# How to complete this task
Retype only the lines that run from the top of the material below to the line bearing "油热爆香蒜末,倒入香菇翻炒,加老抽、生抽、耗油、糖、盐~", inclusive, and keep the pictures out.

# Recorded information
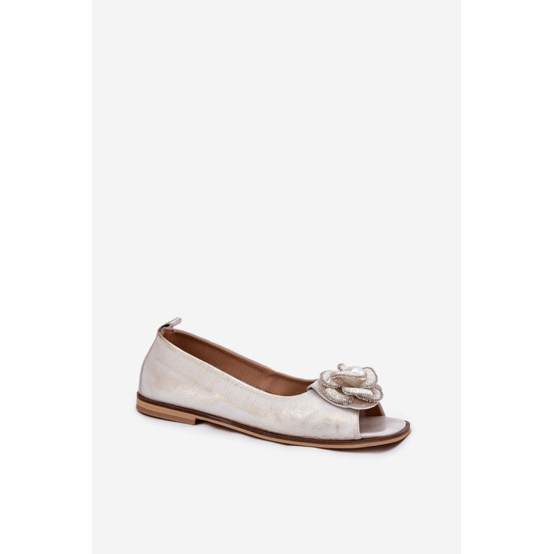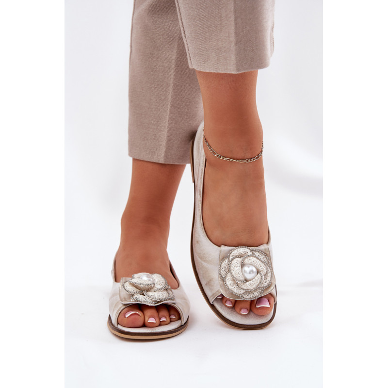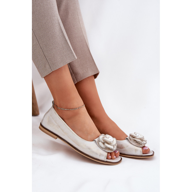 Moteriški balerinos iš natūralios odos yra elegantiška pasirinkimo galimybė įvairioms progoms. Modelis išsiskiria dekoratyviniu žiedu su perla, kuris suteikia joms išskirtinio žavesio. Atviri pirštai suteikia lengvumo, o minkšta padas užtikrina komfortą visą dieną. Šios balerinos puikiai derinamos tiek su elegantiškais, tiek su kasdieniais stilius, todėl tai puikus pasirinkimas vasaros dienoms. Renkantis dydį, vadovaukitės dydžių lentele.
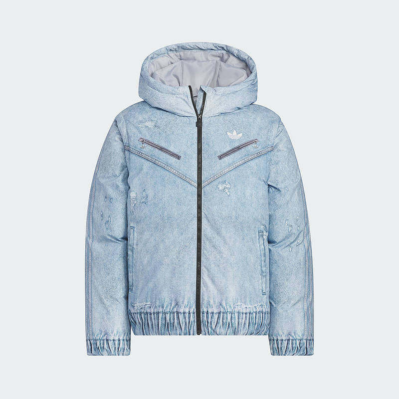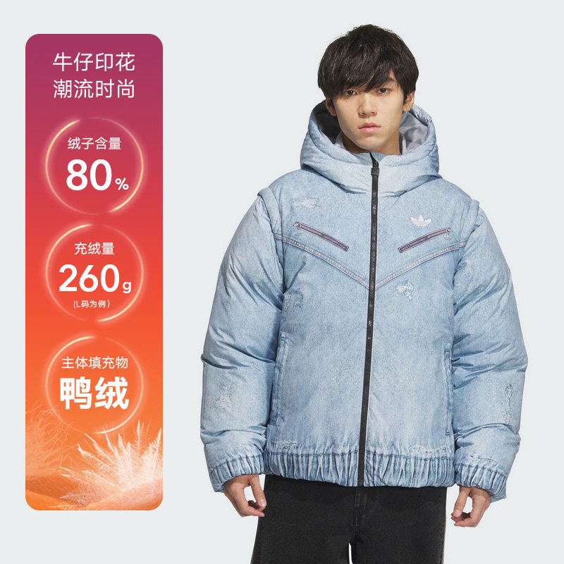 adidas阿迪达斯三叶草冬季牛仔保暖可拆卸连帽男短羽绒服 KC2632
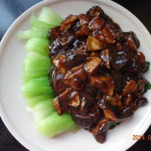 油热爆香蒜末,倒入香菇翻炒,加老抽、生抽、耗油、糖、盐~
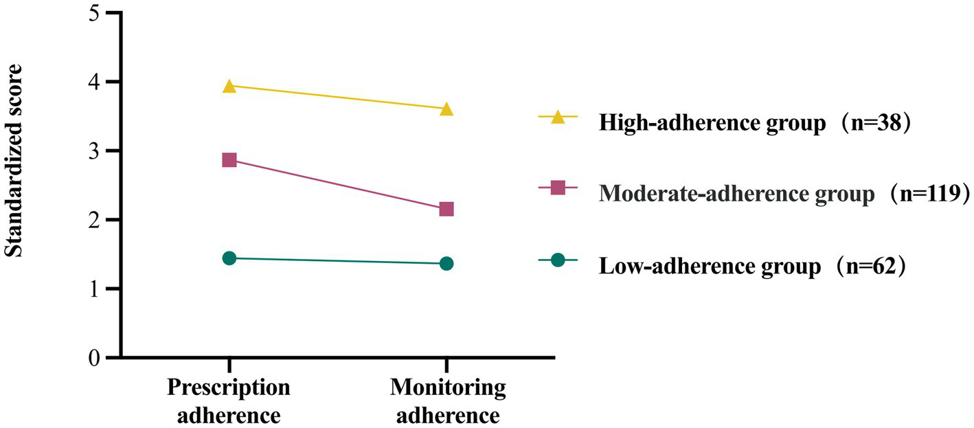 The two dimensions of the exercise rehabilitation adherence scale for patients with chronic heart failure, namely prescription adherence and monitoring adherence, served as the observational variables in fitting one to four latent profile models. These models were utilized to conduct a latent profile analysis of exercise adherence among CHF patients. The findings are detailed in Table 2. Compared to the two-profile model, the three-profile models demonstrated lower values for the AIC, BIC and aBIC, alongside higher entropy values. Consequently, the three-profile model was chosen for categorizing exercise adherence behaviors within this population. The probabilities of membership for each category were 28.3, 54.3, and 17.4%, respectively. In addition to model fit statistics, the average posterior probabilities for the most likely latent class membership were examined to assess classification quality. As shown in Table 3, the average posterior probabilities for the three identified profiles-low, high, and moderate exercise adherence-were 0.911, 0.930, and 0.906, respectively. These values exceed the recommended threshold of 0.70, indicating a high degree of classification certainty and supporting the reliability of the three-profile (Nagin, 2005; Stanley et al., 2016). The distinct categories were classified as low, moderate, and high exercise adherence groups based on their characteristics (Figure 2).

# Response for this exercise
 Moteriški balerinos iš natūralios odos yra elegantiška pasirinkimo galimybė įvairioms progoms. Modelis išsiskiria dekoratyviniu žiedu su perla, kuris suteikia joms išskirtinio žavesio. Atviri pirštai suteikia lengvumo, o minkšta padas užtikrina komfortą visą dieną. Šios balerinos puikiai derinamos tiek su elegantiškais, tiek su kasdieniais stilius, todėl tai puikus pasirinkimas vasaros dienoms. Renkantis dydį, vadovaukitės dydžių lentele.
 adidas阿迪达斯三叶草冬季牛仔保暖可拆卸连帽男短羽绒服 KC2632
 油热爆香蒜末,倒入香菇翻炒,加老抽、生抽、耗油、糖、盐~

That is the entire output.